Your assignment
Below are records with pictures; copy word for word only the lines between the line with "Profesionální bezdrátová gamingová" and the line with "under Symbols. |", inclusive, and drop the pictures.

Entries provided
===============
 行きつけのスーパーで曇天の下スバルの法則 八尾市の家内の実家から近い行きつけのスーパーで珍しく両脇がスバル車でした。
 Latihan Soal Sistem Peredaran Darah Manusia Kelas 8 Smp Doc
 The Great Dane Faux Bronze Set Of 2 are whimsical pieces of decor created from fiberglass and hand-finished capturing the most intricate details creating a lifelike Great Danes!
===============
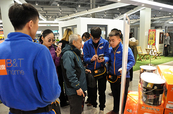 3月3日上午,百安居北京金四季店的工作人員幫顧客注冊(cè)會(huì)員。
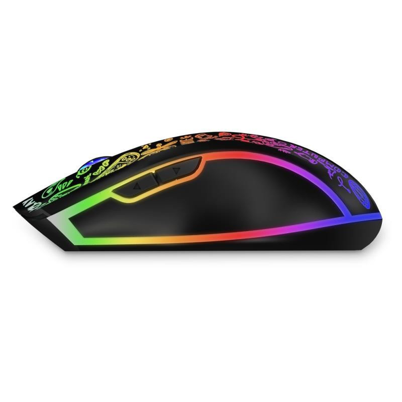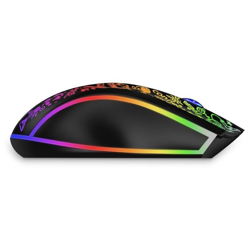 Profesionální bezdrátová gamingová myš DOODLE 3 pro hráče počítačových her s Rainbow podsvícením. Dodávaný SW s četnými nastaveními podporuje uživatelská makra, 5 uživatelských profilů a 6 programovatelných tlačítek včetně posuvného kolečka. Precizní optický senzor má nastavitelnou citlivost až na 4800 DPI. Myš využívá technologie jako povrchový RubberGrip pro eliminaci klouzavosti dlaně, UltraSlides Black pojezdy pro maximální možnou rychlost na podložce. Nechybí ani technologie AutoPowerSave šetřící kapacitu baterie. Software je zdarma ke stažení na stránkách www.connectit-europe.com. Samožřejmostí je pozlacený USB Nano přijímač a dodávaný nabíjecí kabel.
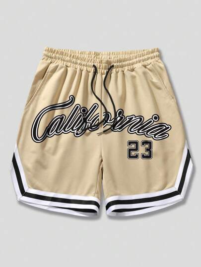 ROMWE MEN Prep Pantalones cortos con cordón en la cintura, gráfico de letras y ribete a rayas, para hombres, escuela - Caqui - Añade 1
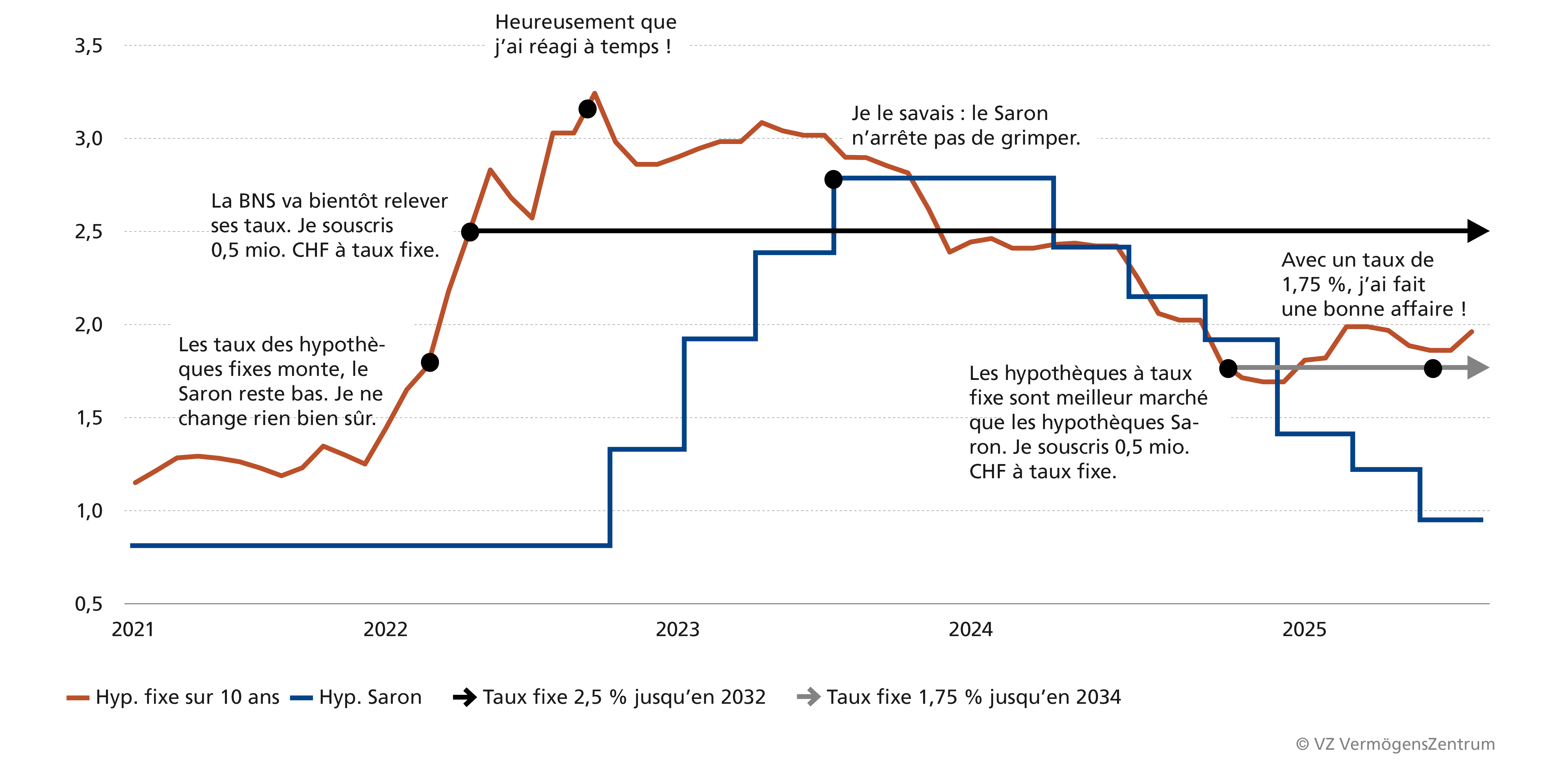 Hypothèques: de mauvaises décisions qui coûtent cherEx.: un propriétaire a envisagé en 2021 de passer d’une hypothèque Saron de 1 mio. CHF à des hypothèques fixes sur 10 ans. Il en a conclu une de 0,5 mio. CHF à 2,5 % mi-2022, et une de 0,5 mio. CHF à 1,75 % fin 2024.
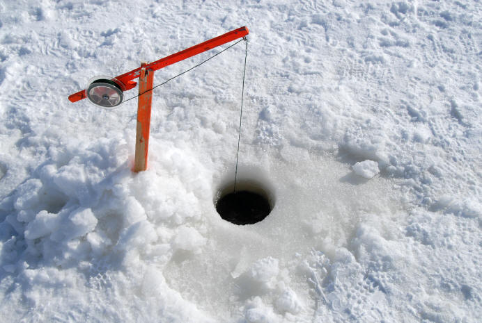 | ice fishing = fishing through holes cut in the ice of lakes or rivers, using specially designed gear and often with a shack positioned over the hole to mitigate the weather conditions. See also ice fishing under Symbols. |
===============
Solution to this exercise
 Profesionální bezdrátová gamingová myš DOODLE 3 pro hráče počítačových her s Rainbow podsvícením. Dodávaný SW s četnými nastaveními podporuje uživatelská makra, 5 uživatelských profilů a 6 programovatelných tlačítek včetně posuvného kolečka. Precizní optický senzor má nastavitelnou citlivost až na 4800 DPI. Myš využívá technologie jako povrchový RubberGrip pro eliminaci klouzavosti dlaně, UltraSlides Black pojezdy pro maximální možnou rychlost na podložce. Nechybí ani technologie AutoPowerSave šetřící kapacitu baterie. Software je zdarma ke stažení na stránkách www.connectit-europe.com. Samožřejmostí je pozlacený USB Nano přijímač a dodávaný nabíjecí kabel.
 ROMWE MEN Prep Pantalones cortos con cordón en la cintura, gráfico de letras y ribete a rayas, para hombres, escuela - Caqui - Añade 1
 Hypothèques: de mauvaises décisions qui coûtent cherEx.: un propriétaire a envisagé en 2021 de passer d’une hypothèque Saron de 1 mio. CHF à des hypothèques fixes sur 10 ans. Il en a conclu une de 0,5 mio. CHF à 2,5 % mi-2022, et une de 0,5 mio. CHF à 1,75 % fin 2024.
 | ice fishing = fishing through holes cut in the ice of lakes or rivers, using specially designed gear and often with a shack positioned over the hole to mitigate the weather conditions. See also ice fishing under Symbols. |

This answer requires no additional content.